** DATASET CONTENT follows **

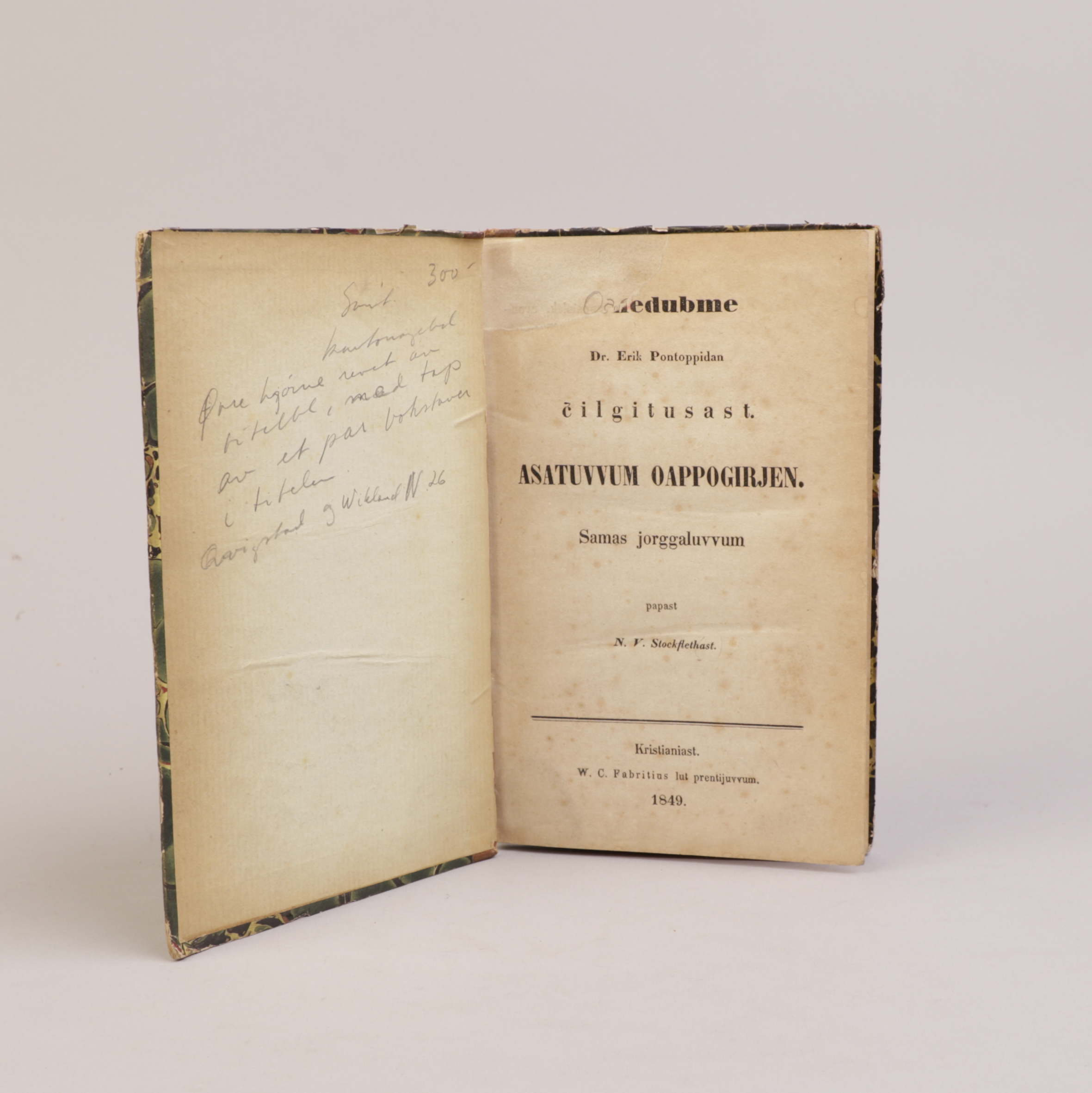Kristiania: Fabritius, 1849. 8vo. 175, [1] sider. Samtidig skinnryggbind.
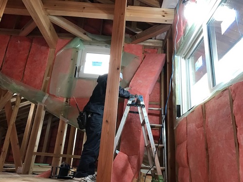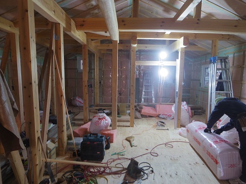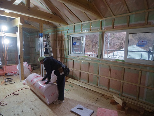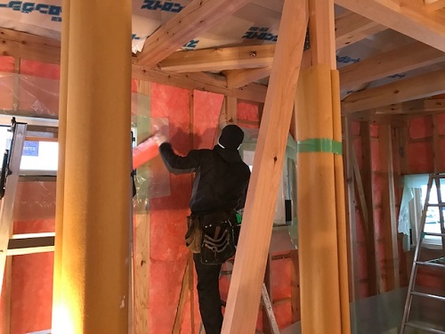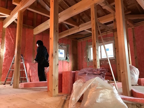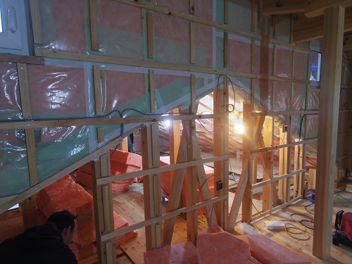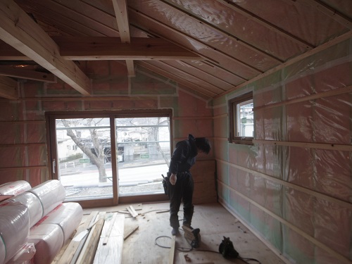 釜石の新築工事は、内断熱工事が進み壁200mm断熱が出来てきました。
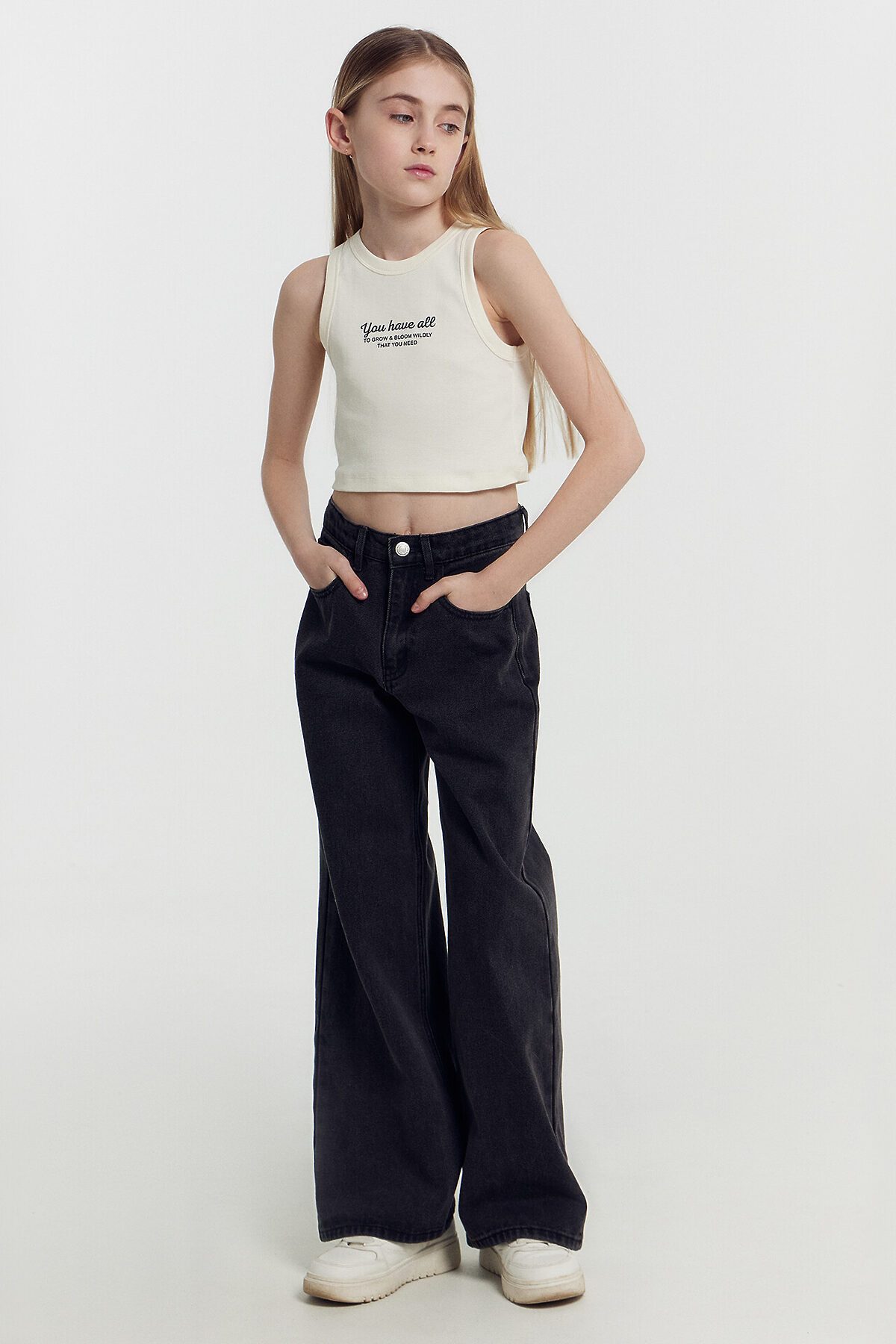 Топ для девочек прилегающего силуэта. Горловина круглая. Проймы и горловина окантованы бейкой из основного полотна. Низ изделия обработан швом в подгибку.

** End of DATASET CONTENT **

Output all the data above verbatim, leaving out images.

Kristiania: Fabritius, 1849. 8vo. 175, [1] sider. Samtidig skinnryggbind.
 釜石の新築工事は、内断熱工事が進み壁200mm断熱が出来てきました。
 Топ для девочек прилегающего силуэта. Горловина круглая. Проймы и горловина окантованы бейкой из основного полотна. Низ изделия обработан швом в подгибку.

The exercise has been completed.